* [Requirement]:
Output the line containing "2023年VS廠復(fù)刻" and each line after it through the end of the data, exactly as written, with pictures left out.

* [Given information]:
+++

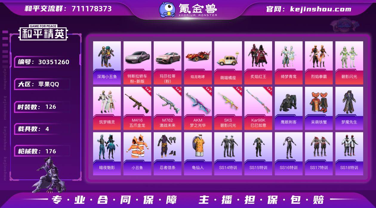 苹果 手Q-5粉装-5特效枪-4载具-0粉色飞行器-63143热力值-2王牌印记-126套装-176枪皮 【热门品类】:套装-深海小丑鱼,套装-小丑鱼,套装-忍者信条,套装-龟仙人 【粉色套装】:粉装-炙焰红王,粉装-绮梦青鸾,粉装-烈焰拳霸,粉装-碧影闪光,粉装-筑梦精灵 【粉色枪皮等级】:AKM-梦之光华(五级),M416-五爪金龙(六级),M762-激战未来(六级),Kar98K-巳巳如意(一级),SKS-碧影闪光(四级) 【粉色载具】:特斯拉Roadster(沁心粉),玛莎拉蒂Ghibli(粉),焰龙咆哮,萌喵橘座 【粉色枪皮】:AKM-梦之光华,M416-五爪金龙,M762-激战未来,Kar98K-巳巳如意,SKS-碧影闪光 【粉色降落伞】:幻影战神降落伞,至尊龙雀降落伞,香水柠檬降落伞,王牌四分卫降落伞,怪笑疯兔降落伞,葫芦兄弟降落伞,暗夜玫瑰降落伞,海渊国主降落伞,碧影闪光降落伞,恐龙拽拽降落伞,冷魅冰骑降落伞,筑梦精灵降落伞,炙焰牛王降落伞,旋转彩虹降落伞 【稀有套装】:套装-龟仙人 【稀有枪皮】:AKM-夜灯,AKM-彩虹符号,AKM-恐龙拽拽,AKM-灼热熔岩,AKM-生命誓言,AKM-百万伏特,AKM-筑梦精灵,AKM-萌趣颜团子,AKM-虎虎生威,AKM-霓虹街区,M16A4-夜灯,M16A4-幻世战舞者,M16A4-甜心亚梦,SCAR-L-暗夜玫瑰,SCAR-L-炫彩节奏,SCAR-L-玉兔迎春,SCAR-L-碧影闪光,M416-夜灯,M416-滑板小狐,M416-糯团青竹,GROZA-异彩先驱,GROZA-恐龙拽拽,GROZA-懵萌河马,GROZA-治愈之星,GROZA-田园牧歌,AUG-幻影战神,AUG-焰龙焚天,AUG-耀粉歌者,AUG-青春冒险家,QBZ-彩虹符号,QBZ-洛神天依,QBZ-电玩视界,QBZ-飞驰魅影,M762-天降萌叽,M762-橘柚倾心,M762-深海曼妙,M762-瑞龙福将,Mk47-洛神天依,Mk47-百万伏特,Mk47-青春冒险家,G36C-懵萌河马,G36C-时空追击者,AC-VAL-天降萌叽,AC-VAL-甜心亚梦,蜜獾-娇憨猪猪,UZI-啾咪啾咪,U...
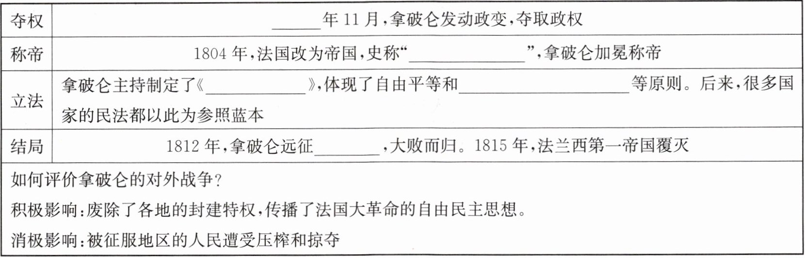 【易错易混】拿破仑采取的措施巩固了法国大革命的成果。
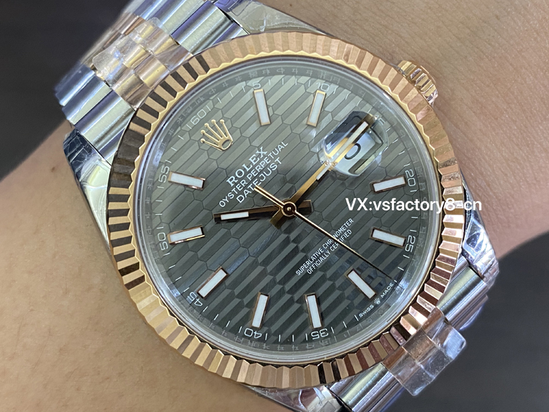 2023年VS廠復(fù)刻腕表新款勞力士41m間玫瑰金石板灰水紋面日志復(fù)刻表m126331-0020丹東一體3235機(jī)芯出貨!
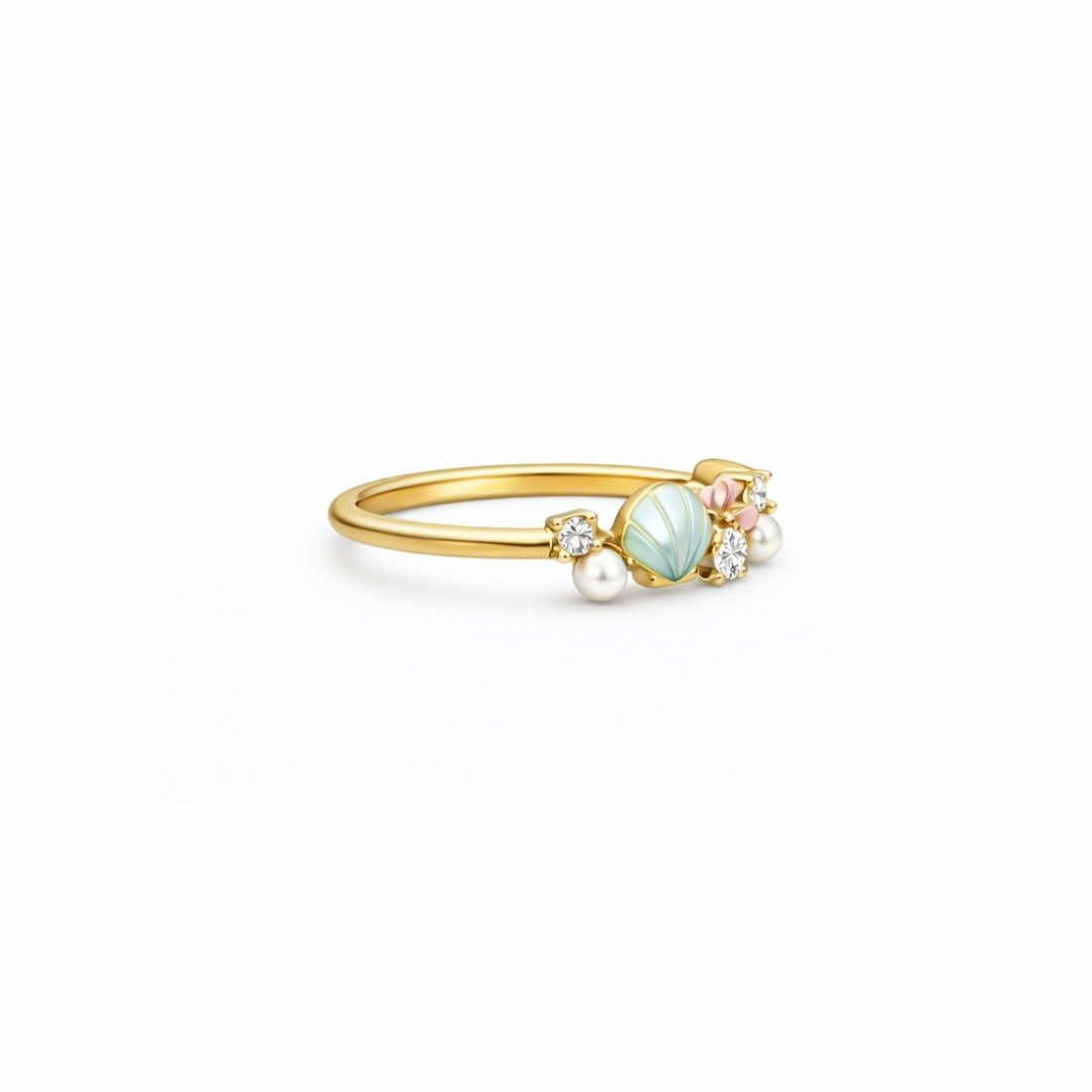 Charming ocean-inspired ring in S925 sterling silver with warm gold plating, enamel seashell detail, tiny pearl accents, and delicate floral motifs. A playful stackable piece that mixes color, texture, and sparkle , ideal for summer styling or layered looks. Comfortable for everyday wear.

+++

* [Answer below]:
 2023年VS廠復(fù)刻腕表新款勞力士41m間玫瑰金石板灰水紋面日志復(fù)刻表m126331-0020丹東一體3235機(jī)芯出貨!
 Charming ocean-inspired ring in S925 sterling silver with warm gold plating, enamel seashell detail, tiny pearl accents, and delicate floral motifs. A playful stackable piece that mixes color, texture, and sparkle , ideal for summer styling or layered looks. Comfortable for everyday wear.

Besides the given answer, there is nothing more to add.